According to our system, the president is elected by the Electoral College, but in practice, they are elected by the people. The will of the people is not perfectly translated, but it is always present. No matter how much the popular vote is abstracted, the founding document does not begin with “I.” Donald Trump and Hillary Clinton, collectively, cast two ballots, in a nation of over 200 million eligible voters.

Elections are discussed as if the candidates are the actors. They are not. They speak and campaign, spending millions of dollars and hundreds of hours, but this all an attempt to convince the real actors: voters. When we think of the candidates as the actors, we think of our government as being something fundamentally distinct from a democracy, as if it were solely controlled by the machinations of the mighty. And when we say “Clinton lost,” or “Trump won,” we act as if the election was solely decided between the candidates. But this is a democracy; thus the election was decided between voters.

All governments are derived from a mandate. Ancient kings and queens claimed their blessing from the heavens; a democratic government derives its mandate from the people. And just as the reign of a monarch was an act of a god, the term of our president is the act of the people. Our President-Elect was not chosen by God. He did not choose himself. The College were the technical deciders, but the College is merely an instrument. All that remains is us. We elected Trump. It doesn’t matter if you didn’t vote. It doesn’t even matter if you voted against him. We elect as a collective entity, even if our preferences are divided. We do not elect a president for liberals and a president for conservatives, or a president for whites and a president for blacks. We elect a president for the United States.

It may seem that there is little relevance to my argument. It does not present a strategy, or even a diagnosis that could be of any use to a campaign.

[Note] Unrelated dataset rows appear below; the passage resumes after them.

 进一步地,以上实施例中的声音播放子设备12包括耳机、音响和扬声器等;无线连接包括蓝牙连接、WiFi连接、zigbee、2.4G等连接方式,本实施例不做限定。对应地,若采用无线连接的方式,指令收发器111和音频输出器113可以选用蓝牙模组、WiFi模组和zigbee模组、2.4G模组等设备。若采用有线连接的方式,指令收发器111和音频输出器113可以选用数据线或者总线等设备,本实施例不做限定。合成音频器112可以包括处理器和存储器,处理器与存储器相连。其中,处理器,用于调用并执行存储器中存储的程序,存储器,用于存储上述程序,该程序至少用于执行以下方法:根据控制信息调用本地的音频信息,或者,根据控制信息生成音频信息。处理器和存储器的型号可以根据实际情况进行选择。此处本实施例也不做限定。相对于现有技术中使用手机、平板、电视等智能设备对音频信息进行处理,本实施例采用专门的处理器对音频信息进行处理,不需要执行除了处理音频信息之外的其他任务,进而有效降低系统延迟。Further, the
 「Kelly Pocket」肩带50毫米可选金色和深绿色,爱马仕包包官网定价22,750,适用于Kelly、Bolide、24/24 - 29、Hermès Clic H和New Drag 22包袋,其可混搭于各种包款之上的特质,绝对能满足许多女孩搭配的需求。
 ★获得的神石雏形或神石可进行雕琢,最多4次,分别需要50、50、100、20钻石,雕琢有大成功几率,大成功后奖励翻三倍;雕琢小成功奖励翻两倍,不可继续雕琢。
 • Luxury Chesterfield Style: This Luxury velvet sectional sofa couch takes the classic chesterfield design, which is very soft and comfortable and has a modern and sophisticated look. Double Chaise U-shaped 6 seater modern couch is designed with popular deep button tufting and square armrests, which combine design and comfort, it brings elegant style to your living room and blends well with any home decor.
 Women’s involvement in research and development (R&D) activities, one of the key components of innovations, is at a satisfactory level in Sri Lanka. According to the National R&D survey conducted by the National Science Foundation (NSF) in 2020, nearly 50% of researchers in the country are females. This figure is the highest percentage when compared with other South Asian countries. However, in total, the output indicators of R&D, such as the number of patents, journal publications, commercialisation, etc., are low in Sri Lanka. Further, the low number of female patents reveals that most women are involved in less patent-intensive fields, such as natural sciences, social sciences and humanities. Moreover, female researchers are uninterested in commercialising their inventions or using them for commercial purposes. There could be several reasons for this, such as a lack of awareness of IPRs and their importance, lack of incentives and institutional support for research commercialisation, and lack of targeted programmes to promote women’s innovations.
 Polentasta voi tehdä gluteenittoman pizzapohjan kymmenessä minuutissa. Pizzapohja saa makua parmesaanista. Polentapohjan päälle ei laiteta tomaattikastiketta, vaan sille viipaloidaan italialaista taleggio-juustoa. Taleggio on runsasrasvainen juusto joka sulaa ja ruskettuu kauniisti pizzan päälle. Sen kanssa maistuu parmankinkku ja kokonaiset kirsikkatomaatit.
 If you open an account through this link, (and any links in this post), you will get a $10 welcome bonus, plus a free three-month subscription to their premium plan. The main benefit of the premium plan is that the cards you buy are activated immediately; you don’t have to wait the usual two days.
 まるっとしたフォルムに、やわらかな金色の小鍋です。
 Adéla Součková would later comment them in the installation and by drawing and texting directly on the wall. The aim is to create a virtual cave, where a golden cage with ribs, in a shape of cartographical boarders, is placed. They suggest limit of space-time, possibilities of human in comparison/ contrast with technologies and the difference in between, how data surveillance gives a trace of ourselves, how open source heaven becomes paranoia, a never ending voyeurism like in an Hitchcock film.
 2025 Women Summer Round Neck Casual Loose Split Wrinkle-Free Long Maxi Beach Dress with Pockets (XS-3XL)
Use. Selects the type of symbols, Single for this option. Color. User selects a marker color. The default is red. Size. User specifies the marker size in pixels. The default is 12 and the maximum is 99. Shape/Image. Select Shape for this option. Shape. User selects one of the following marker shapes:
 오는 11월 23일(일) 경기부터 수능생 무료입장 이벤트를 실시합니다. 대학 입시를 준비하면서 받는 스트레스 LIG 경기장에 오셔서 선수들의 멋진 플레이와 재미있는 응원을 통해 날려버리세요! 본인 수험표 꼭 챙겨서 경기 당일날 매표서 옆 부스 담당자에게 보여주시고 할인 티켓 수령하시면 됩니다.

But as I mentioned earlier, that is not the purpose of evaluating guilt. (Evaluating responsibility is how we can discern new strategies). Guilt is examined for the purpose of moral judgements. And that is all I offer.

Trump is president because of us. Clinton, James Comey, even Trump himself—they are each a single person, all guilty, but not alone. They share their guilt with the entire nation, all free and enfranchised citizens. When we claim the right to vote, we rid ourselves of the freedom of childhood: to act without consequences, whether those are good or ill. When we elect the first woman president, it will be a credit to the entire nation. But on November 8, 2016, we elected Donald Trump. That guilt is on all of us.